Stuart Boydell's profile image
Stuart Boydell
Can PAUSE accept a fraction?
If it was a later system then, callout to Python...
pytime = pyImport('time')
z  = pyCallMethod(pytime,'sleep',0.4)
Nik Kesic's profile image
Nik Kesic
Hello Kevin

the AIX freeware tools have a updated version of sleep.

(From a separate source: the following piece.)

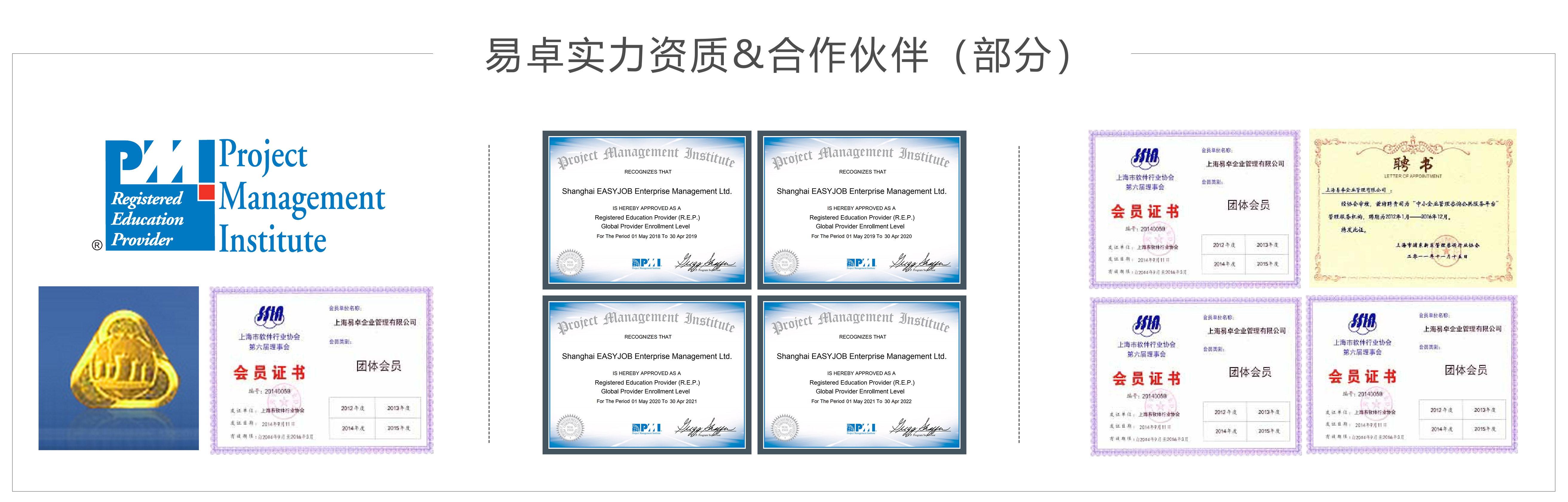 上海易卓公司本著專注、創新、整合、共贏、可持續發展的經營理念,傾力打造并致力于解決企業和職場人士對項目管 理、項目化管理、PMP?系列認證和贏在職場修煉的學習、分享、交友、發展、提升等方面的公益訴求。易卓多年的誠 摯服務經驗積累和眾多知名企業及職場人士的大力支持,共同鑄就這一增值服務與共享共贏的互動社區。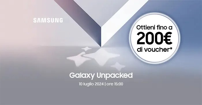 Voucher riscattabile al termine della compilazione del form, entro il termine ultimo 10/07/2024 ore 10.00, e spendibile in negozio o online sull’ acquisto dei nuovi Galaxy valore voucher 200€ se acquisti uno dei nuovi smartphone dal 10 al 15/07/2024, valore voucher 100€ se acquisti uno dei nuovi smartphone dal 16 al 23/07/2024, valore voucher 50€ se acquisti uno dei nuovi indossabili dal 10 al 23/07/2024.

You can sleep milliseconds

AE BP WAIT
Top of "WAIT" in "BP", 4 lines, 90 characters.
001: CRT "START"
002: PCPERFORM "timex /opt/freeware/bin/sleep 0.5" CAPTURING NED
003: CRT NED
004: CRT "DONE"
Bottom.
*--: fibr
Filed "WAIT" in file "BP".

Compiling Unibasic: BP/WAIT in mode 'u'.
compilation finished
START
þreal 0.50þuser 0.00þsys 0.00þþ
DONE


Nik
Nik Kesic's profile image
Nik Kesic
Kevin,

You could do this
  sleep 0.001

And you can install the package "yum install AIX_Toolbox" if you don't have it.

Nik
Kevin King's profile image
Kevin King
That's great Nik, thanks.  What's the overhead of the PCPERFORM?  Any way to get a timing on that?
Nik Kesic's profile image
Nik Kesic
Hello Kevin

My gut feel tells me microseconds... or maybe worst case 10 mS.

I was trying to figure a good truss command to see how much... I will look deeper and see if I can find something

cheers

Nik
David Green's profile image
David Green
can you time like this:

START.TIME = SYSTEM(12)
PCPERFORM "echo Testing" CAPTURING BUFF
END.TIME = SYSTEM(12)
DURATION = END.TIME - START.TIME
PRINT DURATION
*
** Since PCPERFORM overhead and execution may vary from moment to moment do this:
*
Then take your 400 milliseconds - (Duration * 2) to come up with the sleep time you need.
Kevin King's profile image
Kevin King
That is SUPER clever David.  Good on ya, man.  

It does make an assumption that the overhead is going to be constant, but then again even if the timer were baked into Unidata, there would be some variability based on load.  But dang, a great idea!
Nik Kesic's profile image
Nik Kesic
Hi Kevin

I used system(12) as suggested by @David Green and it looks like the cost is 6-8mS 

​STIME=SYSTEM(12)
PCPERFORM "/opt/freeware/bin/sleep 0.5" CAPTURING NED
ETIME=SYSTEM(12)
TTIME=ETIME-STIME
CRT TTIME

My test ran on a IBM Power 924 
On a P980 with 4K users, the times were 10-15mS scewed

Nik
Kevin King's profile image
Kevin King
Wow, that is a great idea.  Thank you sir!